1.4 Gesundheitsminister zum EU-Aktionsprogramm öffentliche Gesundheit

Der Entwurf des EU-Aktionsprogramms zur öffentlichen Gesundheit ist am 14. Dezember 2000 im Rat der Gesundheitsminister diskutiert worden. Gesundheitskommissar Byrne trat dort Befürchtungen entgegen, die Kommission wolle unter Verletzung des Subsidiaritätsprinzips über das Aktionsprogramm auf indirektem Weg in die Gesundheitssysteme der Mitgliedstaaten eingreifen. Dennoch äußerten mehrere Mitgliedsländer - insbesondere Großbritannien, Dänemark und Österreich - Vorbehalte hinsichtlich des Ziels der Kommission, über europäisch-vergleichende Datensammlungen im Gesundheitswesen hinaus auch Leitlinien und Empfehlungen im Sinne von "Best clinical practice" zu erarbeiten und den Mitgliedstaaten zur Verfügung zu stellen. Vom Vorschlag des Rates, eine nicht näher definierte "Gemeinschaftsstruktur" zur Umsetzung des Programms aufzubauen, kam man während der Diskussion ab. Es zeichnete sich im Rat vielmehr der Konsens ab, der Kommission bei der Organisation und Koordinierung des Aktionsprogramms einen gewissen Spielraum zu belassen, anstatt eine ganz neue "Struktur" aufzubauen. Der Rat hat vereinbart, seine Arbeiten zu diesem Thema auf seiner nächsten Tagung fortzusetzen, damit ein Einvernehmen erzielt werden kann.
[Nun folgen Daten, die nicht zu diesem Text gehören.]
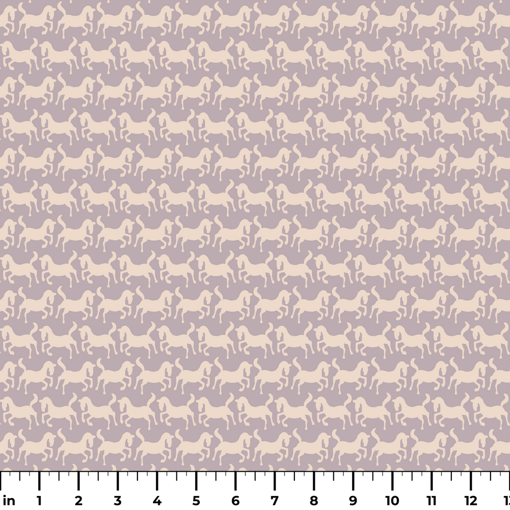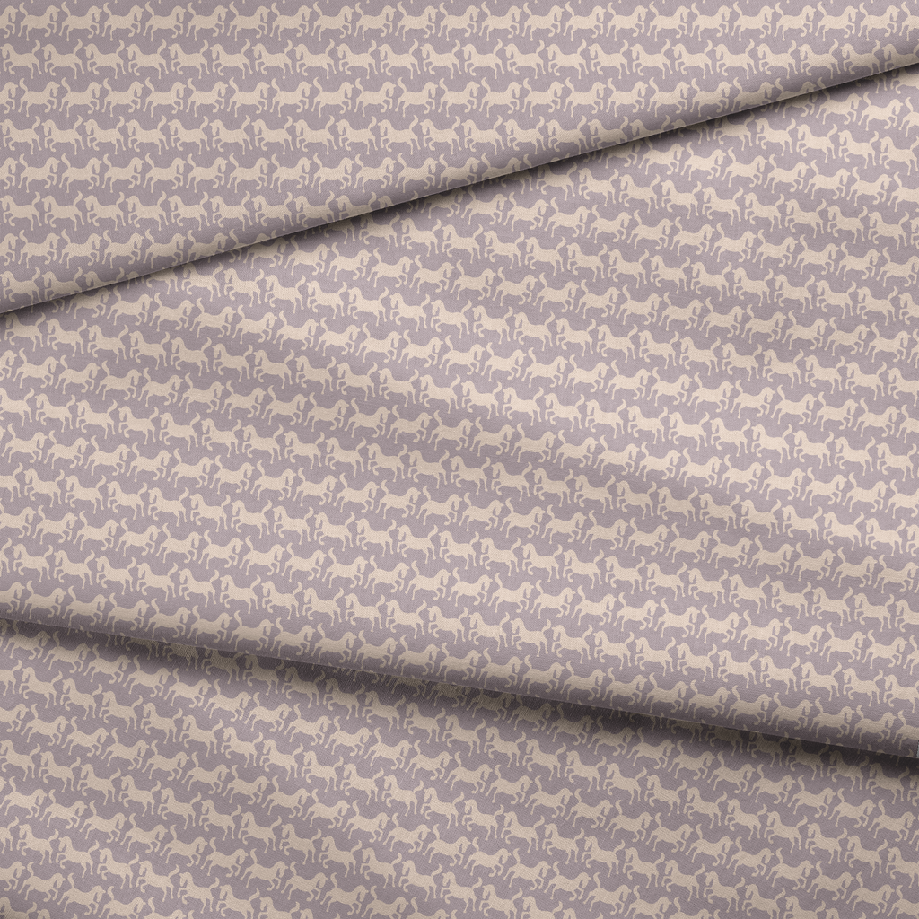 Elegant cream horse silhouettes on a soft gray background create a timeless, repeating pattern perfect for heritage-inspired decor or equestrian-themed spaces.
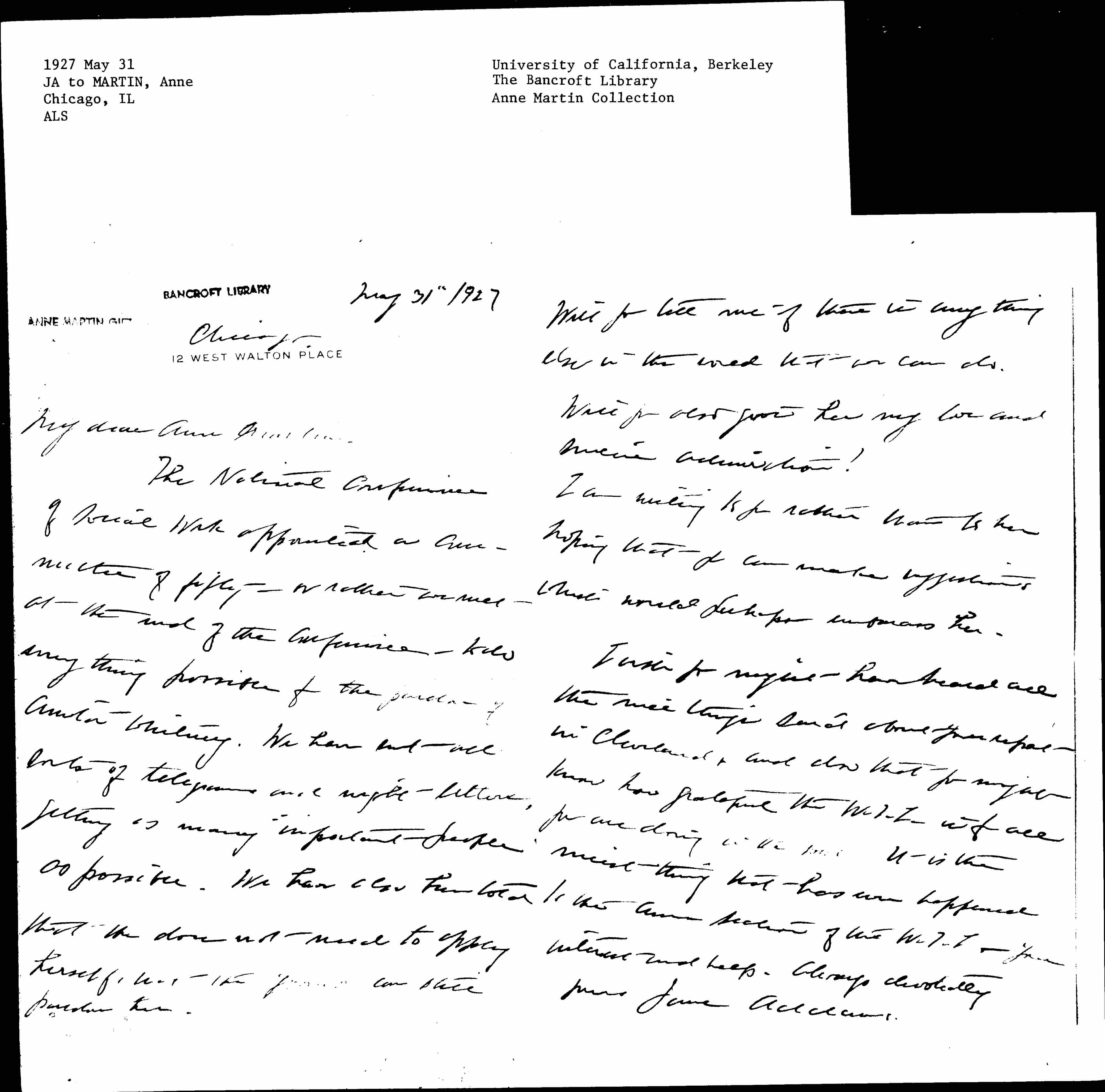 I wish you might have heard all the nice things said about your report in Cleveland, and also that you might know how grateful the W.I.L. is for all you are doing in the [world?]. It is the nicest thing that has ever happened to the [Amer] Section of the W.I.L. -- your interest and help. Always devotedly yours Jane Addams.
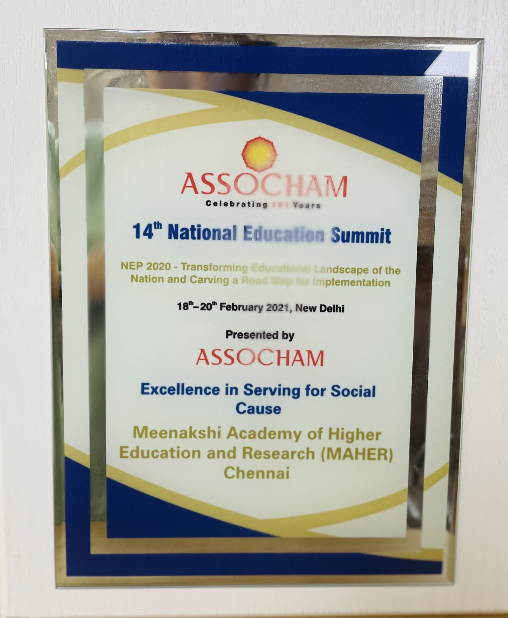 | 6 | Excellence in Serving for Social Cause | ASSOCHAM, 14TH National Education Summit | Meenakshi Academy of Higher Education and Research |
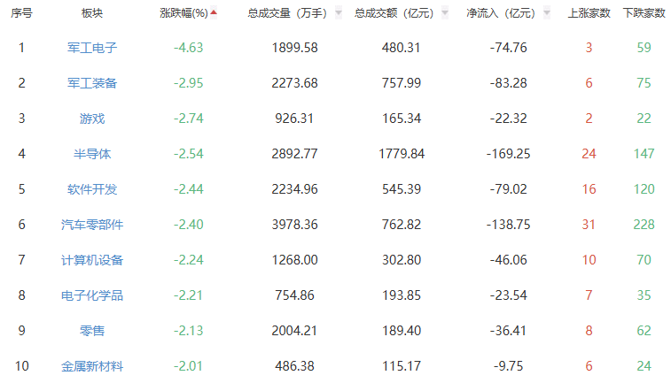 板块方面,贵金属、油气开采及服务、工业金属等板块涨幅居前,军工电子、军工装备、游戏等板块跌幅居前。
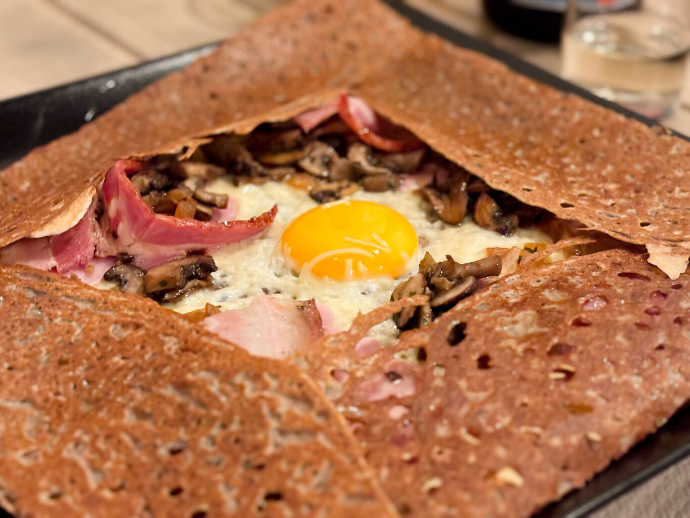 Œuf, Emmental, Chèvre, Bleu, Camembert, Jambon, Lard, Andouille, Saucisse grillée, Sardine, Champignons à la crème, Oignons confits au cidre, Pommes de terre sautées
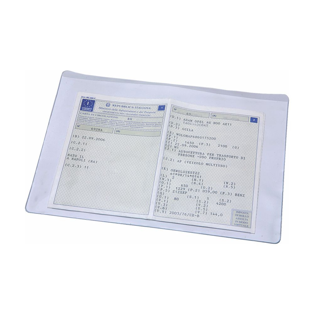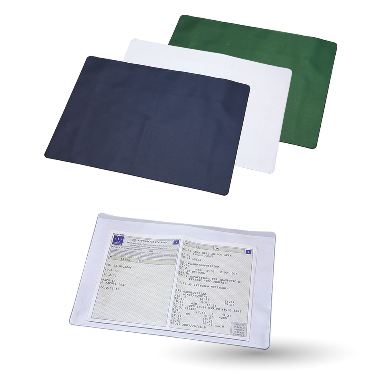 Porta documenti in pvc. Colori: bianco, blu, verde. Dimensioni cm 26×18,5 (aperto) Imballo: 500xcolore
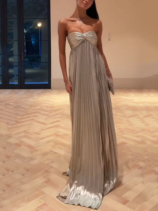 Metallic Pleated Off-The-Shoulder Maxi Dress
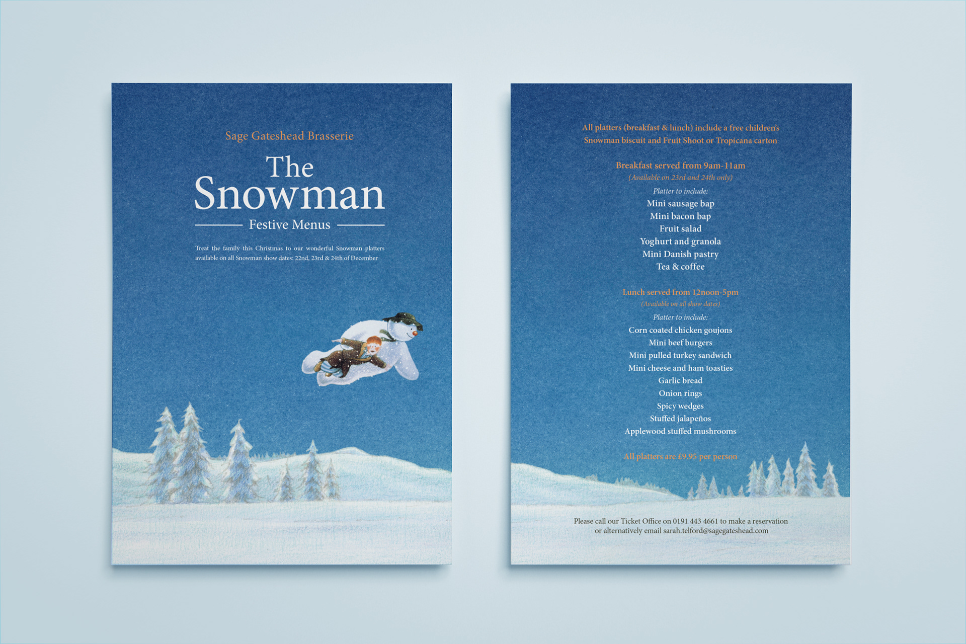 The venue would occasionally host themed events at their restaurant Sage Gateshead Brasserie. I created food menus for two of these events - The Snowman and Monstersaurus.
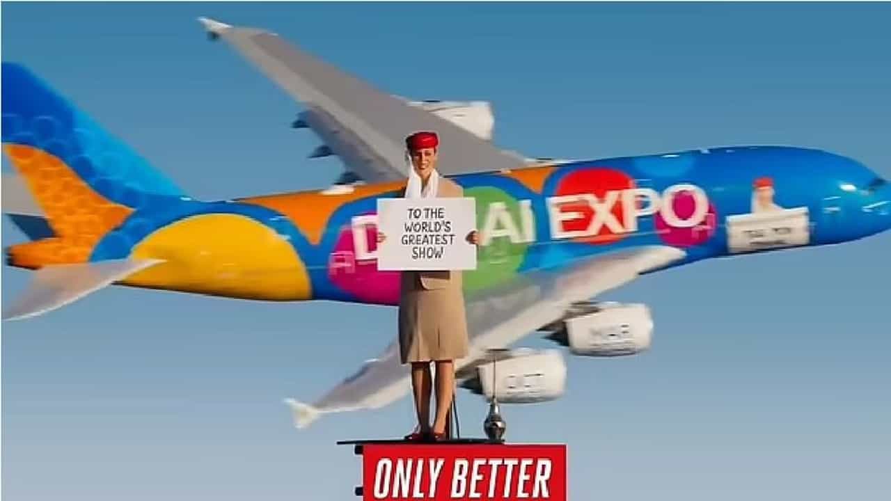 એક હાથમાં પ્લેકાર્ડ્સ સાથે નિકોલ મજાકમાં કહે છે, ‘હું હજી પણ અહીં છું!’ તે પછી પ્લેકાર્ડ્સ બદલે છે જેમાં લખ્યુ છે કે ‘ મિત્રો આખરમાં તમે આવી જ ગયા. બસ એટલામાં જ એક વિશાળ અમીરાત A380 એરબસ ત્યાંથી પસાર થાય છે, જે વિશ્વનું સૌથી મોટું પેસેન્જર પ્લેન છે.
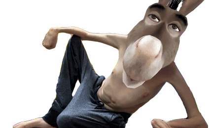 Ricky Berwick's body with a cartoon donkey head, featuring a wide grin and relaxed pose, perfect for a funny reaction.
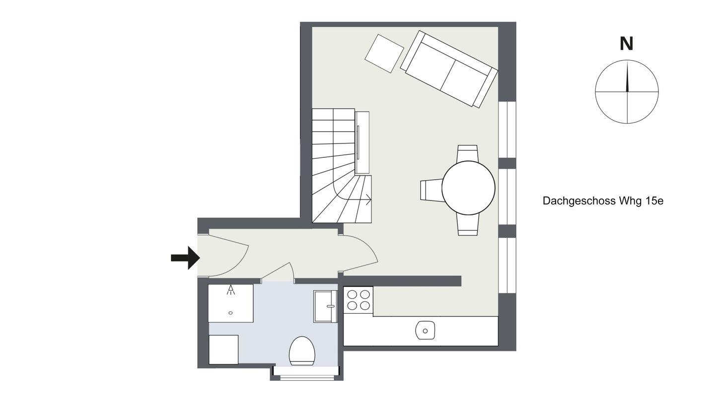 Wohn- / Esszimmer, Küche, Duschbad / WC sowie 1 Doppelschlafzimmer auf der offenen Empore.
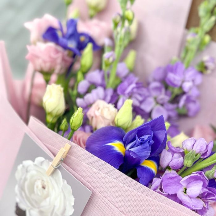 Лизиантус – 4 шт.Маттиола лавандовая – 3 шт.Открыточка с вашими пожеланиями – 1 шт.Средство для продления жизни цветов – 1 шт.инструкция по уходу за цветами – 1 шт.ирисы синие – 3 шт.упаковка зефирка – 3 шт.
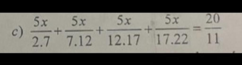 `c) (5x)/(2.7)+(5x)/(7.12)+(5x)/(12.17)+(5x)/(17.22)=20/11`
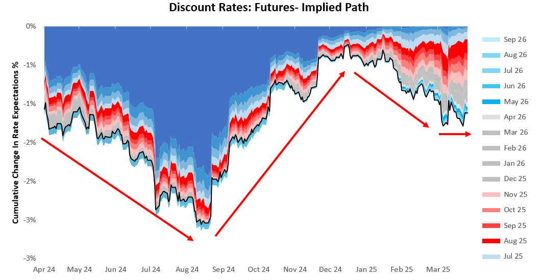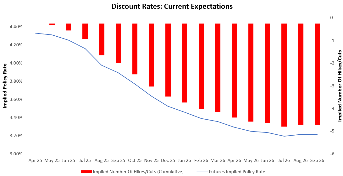 To better contextualize these recent changes in policy expectations, we show the latest discount rate path priced over the next eighteen months. Short-term interest rate markets are expecting a peak in policy rates on May 25 at 4.33%, followed by a trough on Jul 26 at 3.19%. This implies approximately four interest rate cuts cumulatively over the next eighteen months. We show this path below:
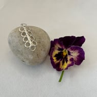 This fun pendant consists of 5 various sized circles made from 1.5mm sterling silver wire and then joined together and soldered in place.
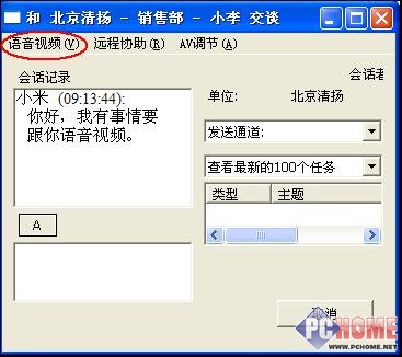 圖:清揚即時通信軟件(網(wǎng)絡(luò)版):兩臺電腦的網(wǎng)絡(luò)視頻會議
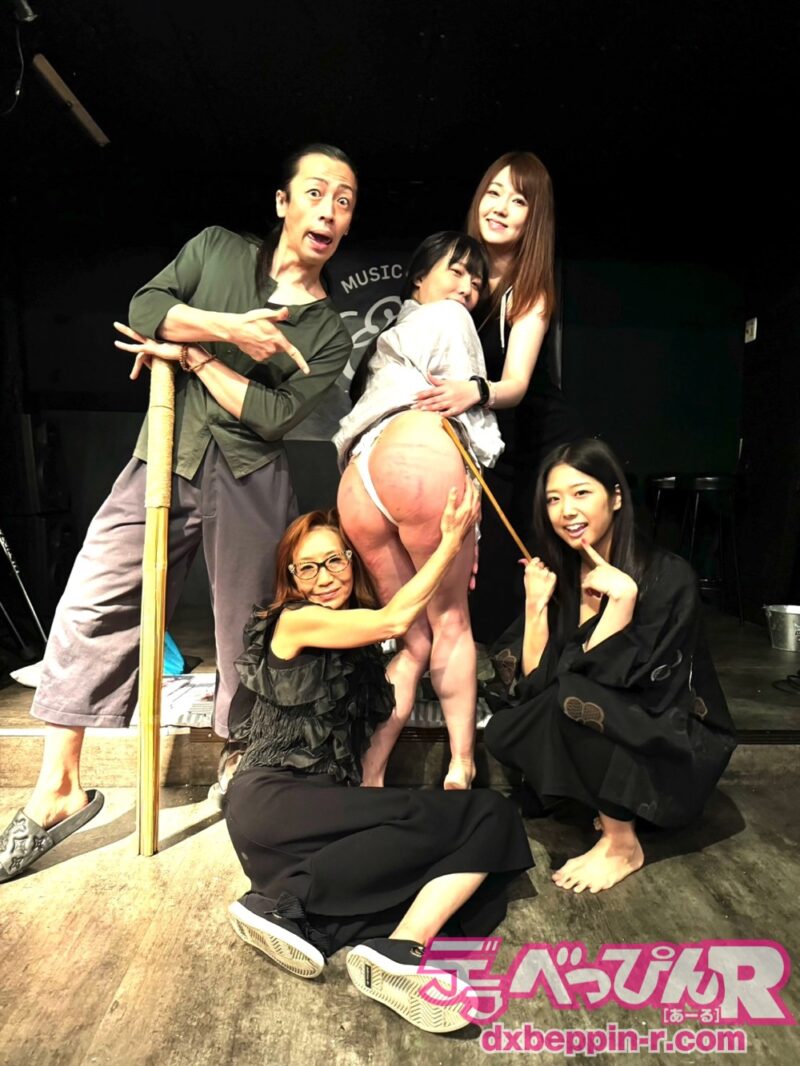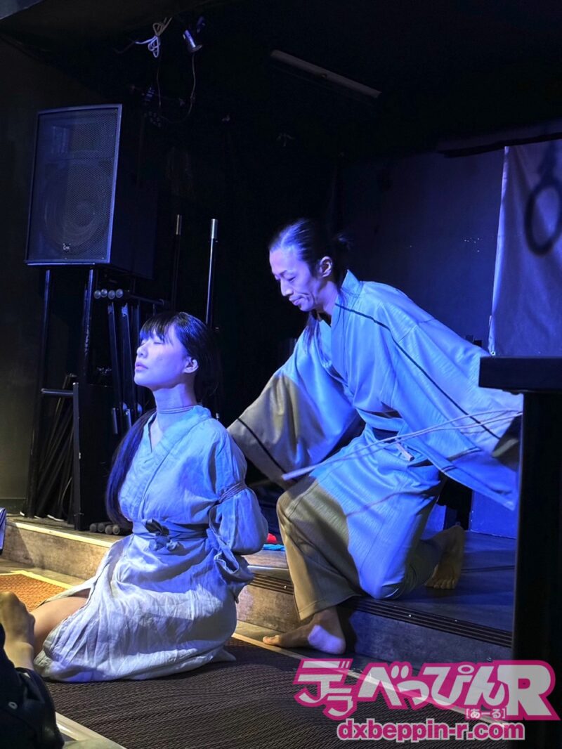 そしていよいよラストの緊縛ショー。縄師はVOL.14で、かすみさんの縄を担当した鵺神蓮氏。淡々と縄のステージが始まり、かすみさんもしっとりな責められ顔。これだけでも十分だと思うけど、呼ばれてなんちゃらで菜々ちゃんが竹鞭片手に登場。竹のがデカいじゃんか。菜々ちゃんが小さな身体をフル回転させながら竹鞭を振り上げる。かすみさんのお尻や太腿に何度か叩き込む。菜々ちゃんの頭の上には「せーの!」って見えそうな位に必死。

1.5 Vorschlag der EU-Kommission zur Einrichtung eines Europäischen Gesundheitsforums

Im Rahmen des Aktionsprogramms zur öffentlichen Gesundheit plant die EU-Kommission die Einrichtung eines Europäischen Gesundheitsforums. Patientenorganisationen, Anbieterverbände sowie Organisationen der Gesundheitsberufe und der Leistungserbringer sollen hier die Gelegenheit haben, Beiträge zur Gesundheitspolitik und zur Festlegung von gesundheitspolitischen Prioritäten in der EU zu leisten. Ende Januar hat die Kommission eine Konsultation zu den Einzelheiten der Arbeitsweise, Organisation und Zusammensetzung des Forums veröffentlicht. Geplant ist nun, drei neue Foren einzurichten:

  • Im "Health Policy Forum" sollen im jährlichen Abstand eingeladene, europaweit repräsentative Organisationen des Gesundheitswesens spezifische gesundheitspolitische Fragestellungen besprechen. Dabei soll es nicht nur um den Austausch von Informationen und Meinungen, sondern auch um die Abstimmung von Positionen und ggf. die Erarbeitung von Konsenspapieren zu spezifischen Fragen der europäischen Gesundheitspolitik gehen.
  • Darüber hinaus soll ebenfalls im jährlichen Abstand ein "Open Health Forum" durchgeführt werden. Dieses soll dem generellen Informationsaustausch über aktuelle Fragen europäischer Gesundheitspolitik dienen. Es ist als größere Veranstaltung geplant; hier ist die Beteiligung nationaler Verbände vorgesehen.
  • Schließlich will die Kommission ein "Virtual Health Forum" einrichten. Über einen Internet-Server sollen auf damit Seiten zur Dokumentation und zum Informationsaustausch bzgl. Fragen der europäischen Gesundheitspolitik eingerichtet werden, die von interessierten Akteuren genutzt werden können.
1.6 Schlussfolgerungen des EU-Gesundheitsministerrates zu BSE

Am 14. Dezember 2000 debattierte der Rat der EU-Gesundheitsminister ausführlich über BSE und die Creutzfeldt-Jakob-Krankheit. Nach einem Bericht von EU-Gesundheitskommissar Byrne hat der Rat mehrere Schlussfolgerungen zu dieser Thematik angenommen. Er will, dass die Kommission die von ihr geleistete Überwachung der Epidemie um mehrere Aspekte erweitert und so bald wie möglich darüber berichtet. So soll z.B. die wissenschaftliche Forschung über den Ursprung und die mögliche Übertragung des BSE-Erregers intensiviert und Methoden zu dessen Inaktivierung entwickelt werden. Im Rahmen des gemeinschaftsweiten Netzwerks zur epidemiologischen Überwachung und Kontrolle übertragbarer Krankheiten wird laut EU-Gesundheitskommissar Byrne ein spezifische Netzwerk zur Creutzfeldt-Jakob-Erkrankung eingerichtet. Es soll damit Anfang 2001 so schnell wie möglich begonnen werden. Ein Bericht dazu wird auch die Bereiche Pharmazeutika, Kosmetika, Blut und Nahrungsmittel umfassen.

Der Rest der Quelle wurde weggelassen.